I've been experiencing those pre-ruminant rumblings that normally come before a blog post; I knew it would happen eventually. Sometimes there is so much to talk about that it all becomes an inarticulate blur before I can pin any of it down. I suspect I need medication.

The tipping point was on page 4 of my holiday issue of Every Day with Rachael Ray. There she is, swathed in as much religiously neutral sparkle as one can manage while keeping a silver pashmina on one's shoulders and hefting a frosted cake with five lit candles on it AND preventing one's long, perilously-close hair from catching fire. She's a multi-tasker, that one.
Page 4, the table of contents, really, suggests that for a 'quick, cracker-ready spread, stir a crushed candy cane and cracked black pepper into cream cheese'.

Excuse me, I have something in my throat. I think its my lunch.

I'm a bush-league foodie. I'm not afraid of tofu. I know what sorts of things you could cook using rendered duck fat. I know the difference between a shallot and a leek. But I'm pretty sure serving cream cheese with crushed black pepper and candy in it would put me in the company of not the Alton Brown set but the lady with all the dolls whose yard ornamentation is two seasons behind, who gives the kids bare-handfuls of circus peanuts in their trick-or-treat bags and thinks the government has put listening devices in her Lillian Vernon catalog.

I have a tenuous relationship with December. In years past it has just been the kickoff of Ye Olde Seasone of Suck, replete with weather-inspired anxieties and holiday expectation vs. reality funk.
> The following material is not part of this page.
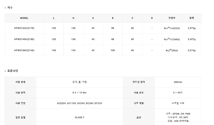 | HPW2140A(2180), HPW2132A(2170), HPW2150A(2140), 효신 물용 2WAY 솔레노이드 밸브 (상시닫힘). (1) | 2024.05.30 |

I'm disorganized, not the best housekeeper, and gift-purchasing turns me into Cindy Brady on 'Question the Kids' (more for the blank look than the 'Swiss Miss' braids). I find myself preoccupied with people who lack a social network this time of year, whose story does not have a Hallmark movie ending after two hours of gentle misunderstanding, over-magnified danger, and clever golden retrievers. (They're all around you! Try not to think about it. Ooops! Too late.)
Some Christmases past have been very dark indeed.

This December is better. I have a job I love. My obligatory bad-weather driving has been slashed to almost nothing. My house is still messy, but I do what I can and I release the rest. I'd like to have more money for presents, but since that only triggers my standing in Target with a deer-in-headlights look and a frozen brain its just as well. And I've realized just in the nick of time what I should do every year around this time-- slow down. Breathe. Look around. Take it in. Be peacefully quiet. Receive. Listen. Love with an undistracted heart.

And if all else fails, begin at the beginning.